[Records contained in a dataset]

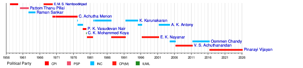 Since 1982, the Chief Minister's job has mostly been held by leaders from either the Indian National Congress or the Communist Party of India (Marxist). E. K. Nayanar has been the Chief Minister for the longest time, serving for almost 11 years in total. Pinarayi Vijayan is the current Chief Minister. His government, from the Left Democratic Front, has been in power since May 25, 2016.
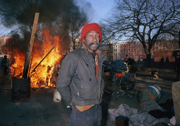 在1960年代,汤普金斯广场公园成为了那些被房价挤出的人的避难所。到那时,已经有一群相对固定的无家可归者在这里生活。随着1970年代下东区的投资减少,这一趋势有所增加。到1984年,我们看到了绅士化的开始,市长埃德·科赫将重新夺回和清理城市公园作为政策——“清理”曼哈顿。其目的是将无家可归者和公园周围建筑中的 squatters 驱逐出去。
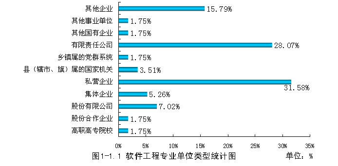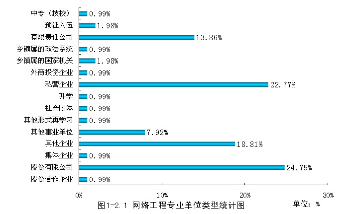 在所属行业中,电信和其他信息传输服务业19人占总就业人数的18.81%、计算机服务业15人占14.85%、商务服务业12人占11.88%,其中与计算机相关的行业电信和其他信息传输服务业、计算机服务业、软件业、专业技术服务业共37人,占总人数的36.63%。
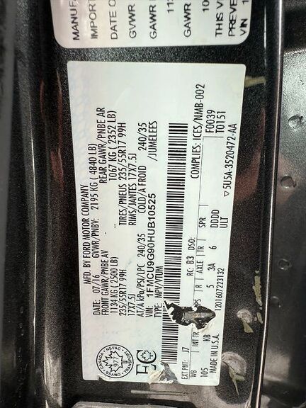 VIN 1FMCU9G90HUB10525 may have been
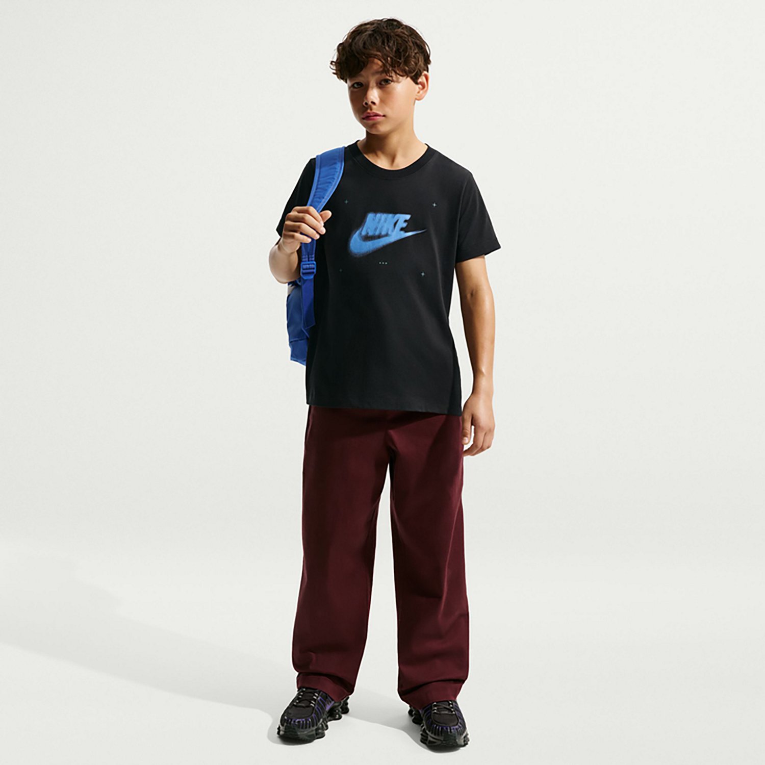 Features and Benefits Made of 100% cotton for comfortable wear Short sleeves Crew neck Graphic design adds a touch of style Specifications Neckline: Crew Neck Product Type: Shirts Sleeve length: Short Sleeve Age Group: Kids' Activity: Casual Style: T-Shirts Material: 100% cotton Gender: Boys' Size Range: Boys' (8 - 20) What's in the Box Nike Boys' Sportswear Brand Read T-shirt
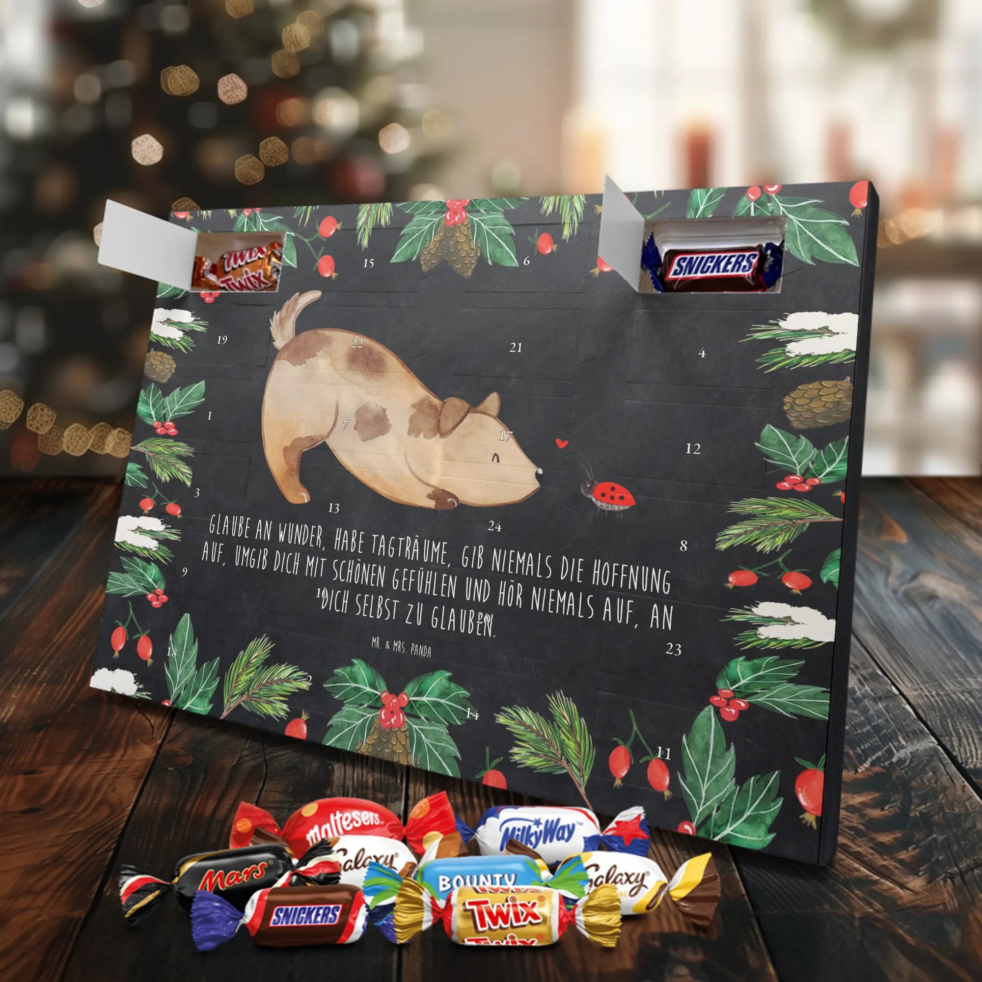 Chocolate advent calendar Dog ladybug - Lindt LINDOR - with saying - Chalkboard
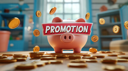 cartoonish 3D piggy bank surrounded by coins, emphasizing promotion theme. vibrant colors and playful design create engaging visual for savings and financial growth
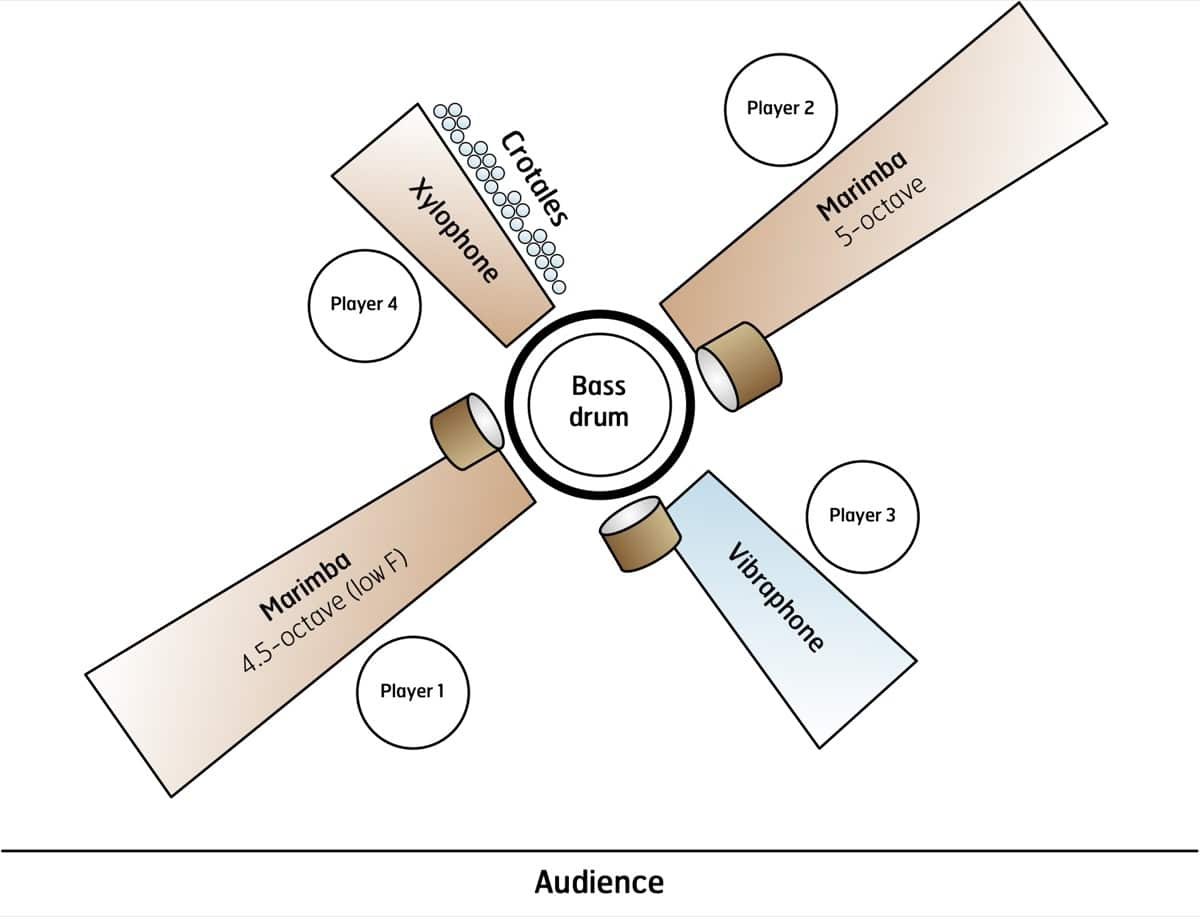 - 2 Marimbas — (1) low F, (1) 5-octave
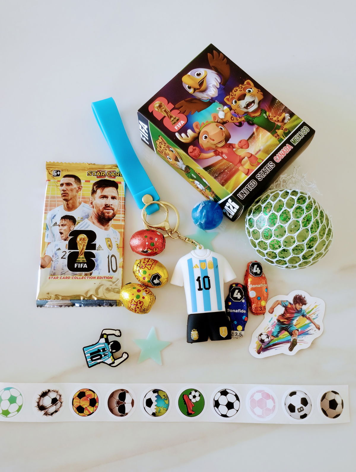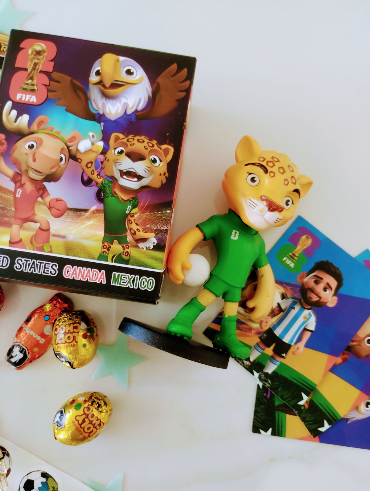 MUNDIAL: Incluye muñequito “animales del mundial”, llavero selección, cartas coleccionables, squishy pelota, pins de crocs, stickers, estrellitas fluorescentes + 3 mini huevitos y dos mini conejitos de chocolate
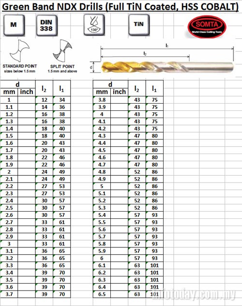 Green Band NDX Drills (FULL Tin Coated, HSS COBALT)
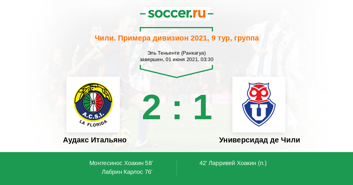 Протокол матча Аудакс Итальяно против Универсидад де Чили
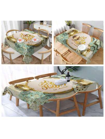1pc Festival Tablecloth, Square/Rectangular, Water Resistant, Spill Proof, Washable, Polyester Fabric, Ideal For Party, Festival, Coffee, Picnic, Banquet Decor - Multicolor - View 1
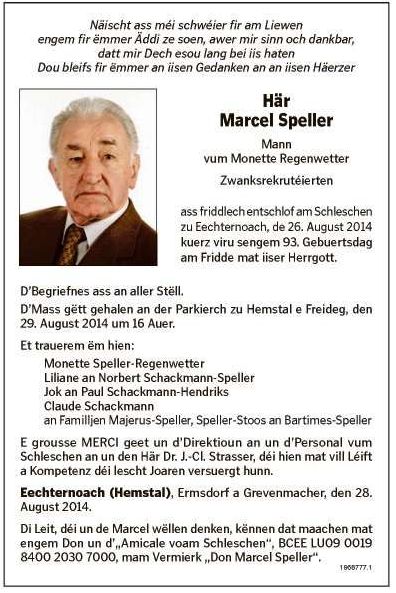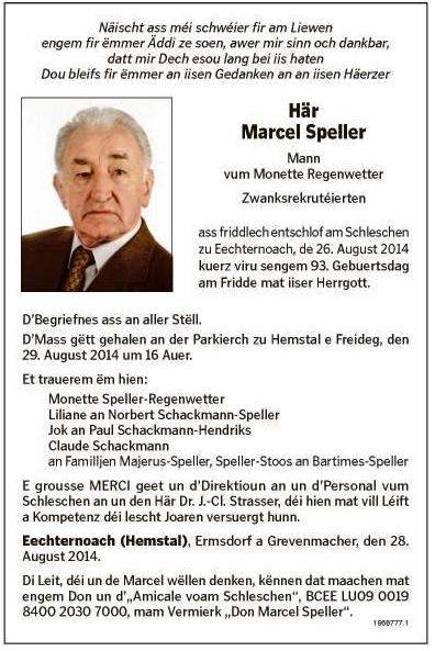 SPELLER Marcel 16091921 1.jpg Télécharger le document 2.jpg Télécharger le document 3.jpg Télécharger le document Speller_Marcel_16091921_Bech_26082014_Echternach.jpg Télécharger le document
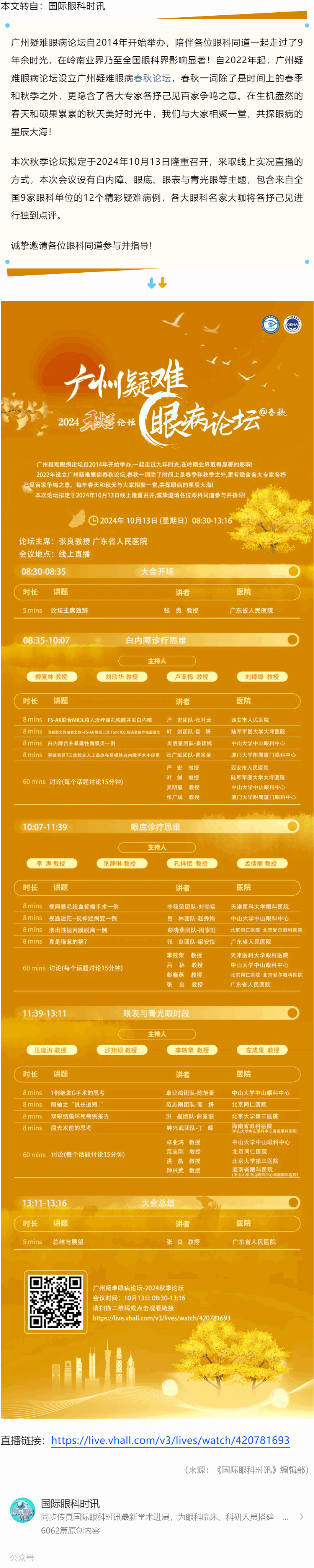10.13直播 | 广州疑难眼病春秋论坛2024秋季论坛---2024.10.12 发布时间:2024-10-12 来源:国际眼科时讯 作者:国际眼科时讯
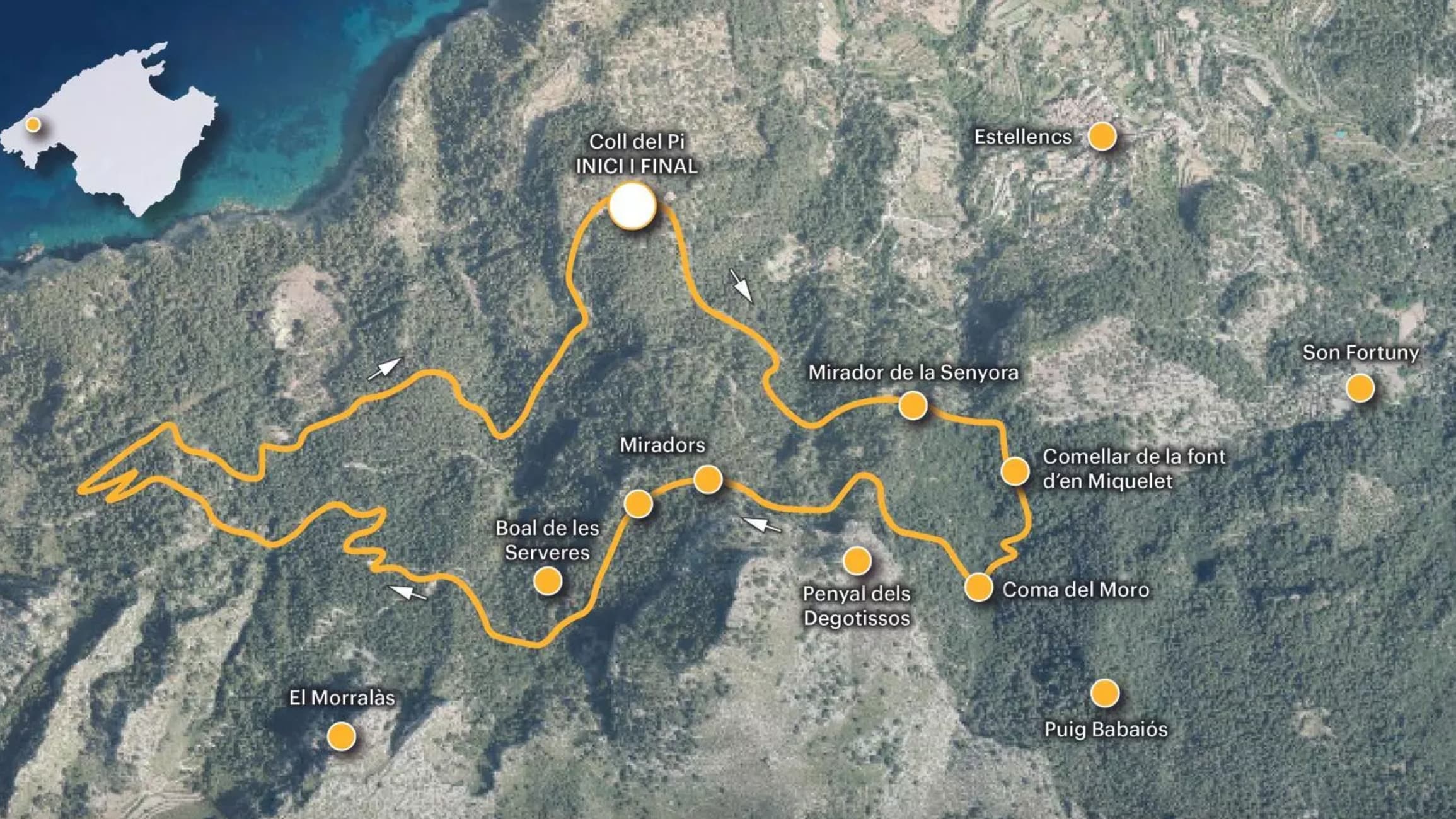 En este itinerario, visitamos nuevamente las tierras de Son Fortuny. Hoy dividida en dos, fue la posesión más grande de Estellencs y se extiende por la vertiente de Tramuntana del puig de Galatzó (1.027 m). En 1981, el Consell Insular de Mallorca adquirió una franja de 283,5 ha (de un total de 663 ha), situada en la parte meridional y menos productiva de la finca. Ocupa la parte más alta del municipio y limita con otras posesiones tan significativas como Son Fortesa y Son Nét, en Puigpunyent; Galatzó, en Calvià; y la Coma, el Grau, el Salt d’en Fenollar y el Salt del Putxet, en Estellencs. La caminata que proponemos se inicia en el coll del Pi, donde hace años encontrábamos una gasolinera y un restaurante. Desde aquí, siguiendo antiguos caminos de carro y de herradura, rodearemos por encima de los riscos de la Boal de les Serveres, transitando entre el dominio público y privado de Son Fortuny.
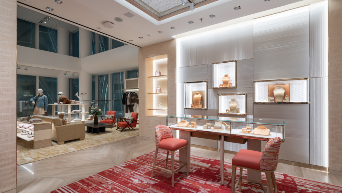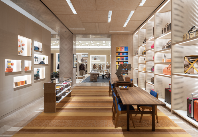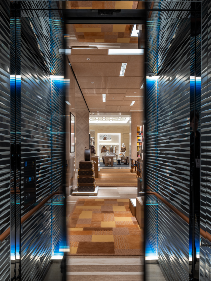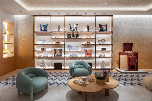 路易威登经典作品分布于四层空间内,涵盖男士和女士皮具、成衣、鞋履、珠宝、腕表、香氛、美妆及配饰。四间尊享沙龙专为贵宾提供独特体验。全新家居系列位于三层,可呈献私享体验,供客人欣赏精选家具、织物和餐桌艺术。全新餐桌艺术系列包括Constellation、Splendor与Dolce Vita;同时,多色Flower花卉玻璃瓶与缤纷Twist玻璃杯及Blossom花瓶相映成趣。出自Patricia Urquiola与Cristian Mohaded等设计师的合作系列,以及别具韵致的Depero家居纺织系列亦陈列其中。
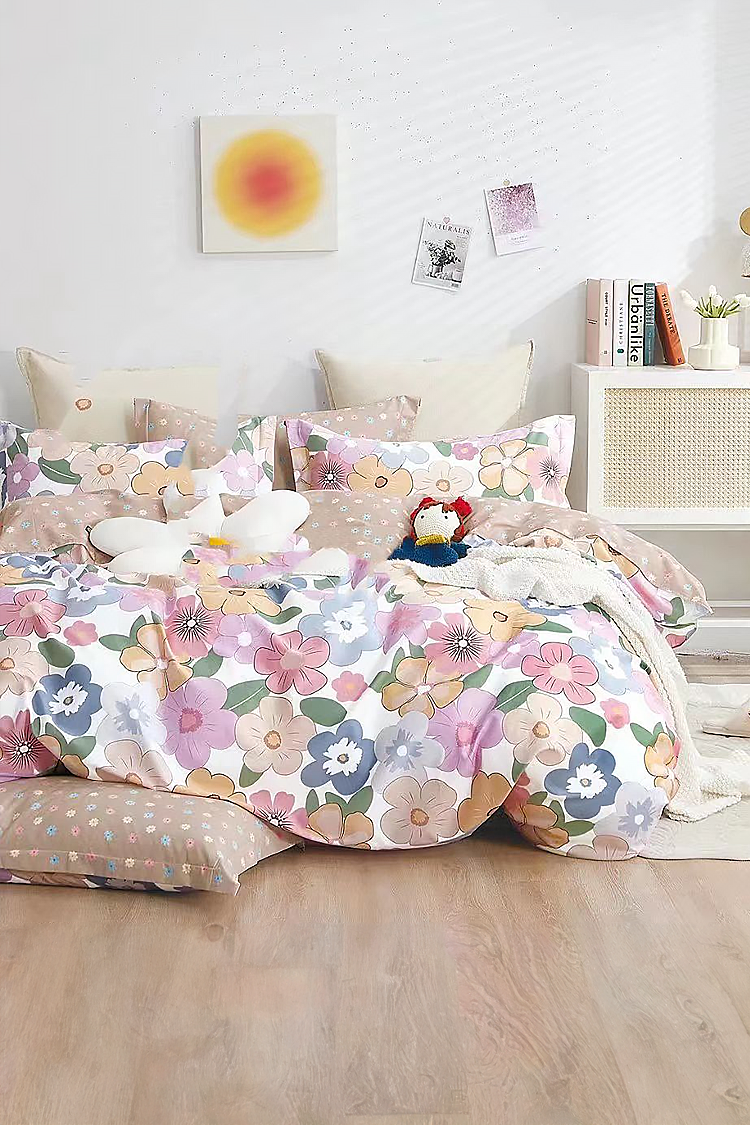 - Спален комплект от четири части с размери 160x200 см., изработен от висококачествен памучен сатен.

• [EXERCISE REQUIREMENTS] Every line from the top of the records above to the line with "Chocolate advent calendar", inclusive, should be duplicated exactly, minus the pictures.

• [EXERCISE RESPONSE]
 Since 1982, the Chief Minister's job has mostly been held by leaders from either the Indian National Congress or the Communist Party of India (Marxist). E. K. Nayanar has been the Chief Minister for the longest time, serving for almost 11 years in total. Pinarayi Vijayan is the current Chief Minister. His government, from the Left Democratic Front, has been in power since May 25, 2016.
 在1960年代,汤普金斯广场公园成为了那些被房价挤出的人的避难所。到那时,已经有一群相对固定的无家可归者在这里生活。随着1970年代下东区的投资减少,这一趋势有所增加。到1984年,我们看到了绅士化的开始,市长埃德·科赫将重新夺回和清理城市公园作为政策——“清理”曼哈顿。其目的是将无家可归者和公园周围建筑中的 squatters 驱逐出去。
 在所属行业中,电信和其他信息传输服务业19人占总就业人数的18.81%、计算机服务业15人占14.85%、商务服务业12人占11.88%,其中与计算机相关的行业电信和其他信息传输服务业、计算机服务业、软件业、专业技术服务业共37人,占总人数的36.63%。
 VIN 1FMCU9G90HUB10525 may have been
 Features and Benefits Made of 100% cotton for comfortable wear Short sleeves Crew neck Graphic design adds a touch of style Specifications Neckline: Crew Neck Product Type: Shirts Sleeve length: Short Sleeve Age Group: Kids' Activity: Casual Style: T-Shirts Material: 100% cotton Gender: Boys' Size Range: Boys' (8 - 20) What's in the Box Nike Boys' Sportswear Brand Read T-shirt
 Chocolate advent calendar Dog ladybug - Lindt LINDOR - with saying - Chalkboard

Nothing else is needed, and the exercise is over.